Online Discussion Archive: Topic and Reply 3





   Topic: Revolutionary Discontinuity?

   Conf: Discussion of Darnton's Article

   From: David Andress david.andress@port.ac.uk

   Date: Friday, March 17, 2000 09:35 AM

   

   Robert Darnton's excellent piece makes clear a whole host of elements

   within the history of eighteenth-century court-capital relations, and

   shows us the interrelation of what might have been thought to be

   distinct "elite" and "popular" cultures.



   What is most thought-provoking for me, as a historian of the French

   Revolution, is that, while many of the features of Darnton's

   information world quite clearly carry over into the revolutionary

   context, there is a significant extent to which some do not. One key

   feature present in the events he depicts is the acceptance, by

   everyone except the police, of a realm of popular comment on political

   affairs. I have written elsewhere of the extent to which Parisians

   continued to practice such comment, at least into 1791, but as I have

   noted, the revolutionary authorities and revolutionary commentators

   were extremely ambivalent about the legitimacy of such popular

   political voices. (See most recently "The Denial of Social Conflict in

   the French Revolution: Discourses around the Champ de Mars Massacre,

   17 July 1791," _French Historical Studies_ 22, no. 2 [1999]: 183-209;

   and "Press and Public in the French Revolution: A Parisian Case-Study

   from 1791," _European History Quarterly_ 28, no. 1 [1998]: 51-80.)

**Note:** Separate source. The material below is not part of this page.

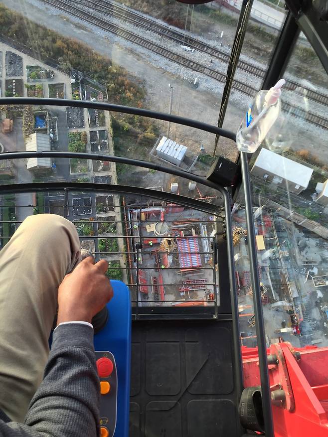 고소작업의 극한 환경: 타워크레인 조종석은 지상 100m 이상의 고층에 위치해 있다. 폭염·혹한·강풍에 직접 노출되며, 작업 도중에는 거의 크레인 아래로 내려가지 못한다. 화장실이 급해도 크레인에서 내려오기 어렵고, 도시락·생리현상까지 모두 그 자리에서 해결해야 한다.

   One of the key points that Darnton articulates about the critical

   messages of the Old Regime is that they had the figure of the king at

   their heart. Thus we might suggest that, in a sense, the common

   position of all others as subjects of his majesty rendered them equal

   participants in a critical discourse about the reality, or otherwise,

   of that "majesty." Once the revolution had made the Nation into its

   sovereign, might we not further suggest that such a critical discourse

   became deeply problematic? One could criticize the public person of

   the king from "outside," but it was very difficult for revolutionaries

   to locate a similar "outside" from which criticism of the Nation (and

   its representatives very clearly assumed themselves to be the Nation,

   from the very origins of the "National Assembly") could be legitimate.

   The logic of the existence of the politically active Nation, and its

   representation in the Assembly, was that the only "outside" position

   available to a French citizen was the one that implied a

   counterrevolutionary intent.



   The revolutionary sovereign was no more able to accept criticism than

   had been the monarchy, but it was far more effective at excluding it

   from public expression.



   David Andress

   

   Topic: Re: Revolutionary Discontinuity?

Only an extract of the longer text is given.